• **Problem**: Set down exactly the lines below between the line holding "Conteúdo da Embalagem: 1" and the line holding "Боксспринг легло с", inclusive; no other line belongs in the answer.

• **Provided records**:
◇ ◇ ◇ ◇ ◇
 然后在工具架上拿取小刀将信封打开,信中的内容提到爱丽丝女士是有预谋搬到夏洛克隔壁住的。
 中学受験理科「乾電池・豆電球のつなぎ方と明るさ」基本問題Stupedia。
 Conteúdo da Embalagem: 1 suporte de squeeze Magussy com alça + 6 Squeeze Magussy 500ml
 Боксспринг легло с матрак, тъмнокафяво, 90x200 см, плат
◇ ◇ ◇ ◇ ◇
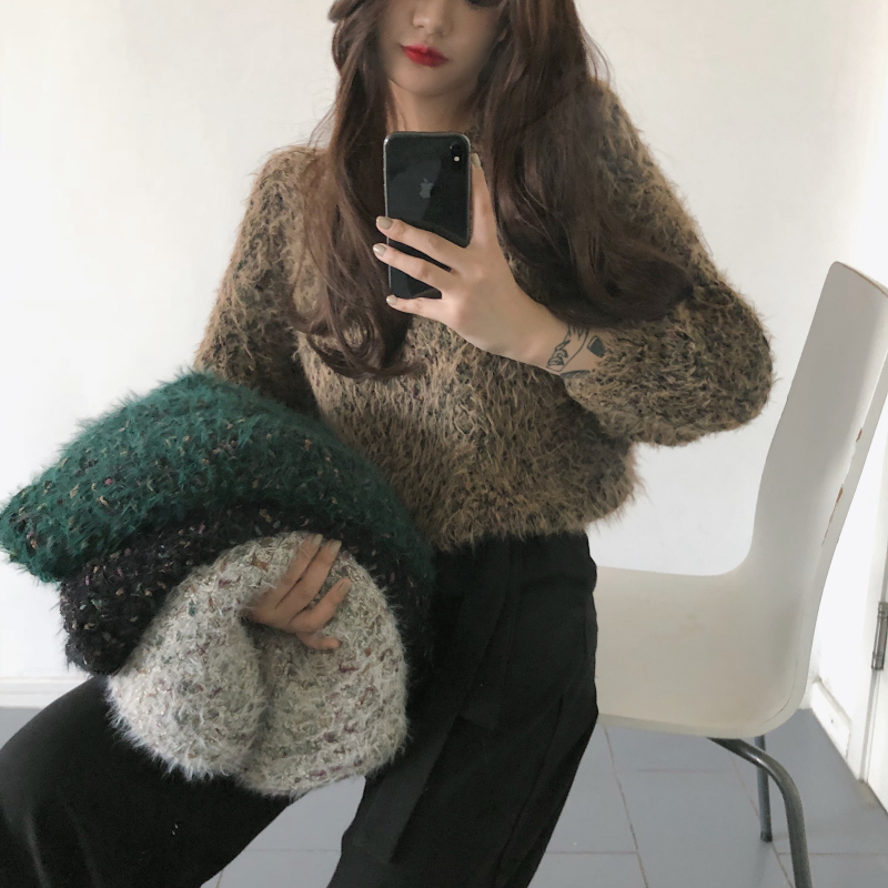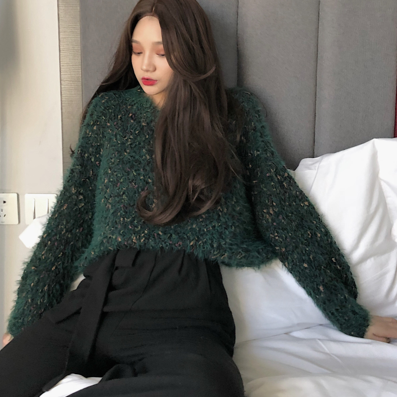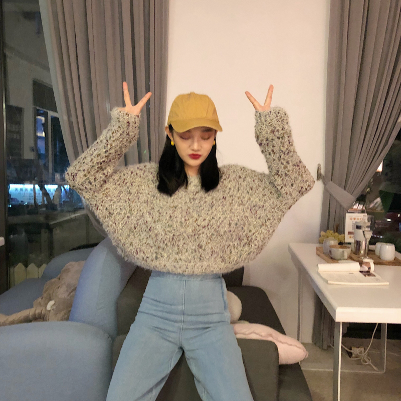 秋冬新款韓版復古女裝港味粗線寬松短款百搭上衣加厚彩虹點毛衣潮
◇ ◇ ◇ ◇ ◇
• **Solution**:
 Conteúdo da Embalagem: 1 suporte de squeeze Magussy com alça + 6 Squeeze Magussy 500ml
 Боксспринг легло с матрак, тъмнокафяво, 90x200 см, плат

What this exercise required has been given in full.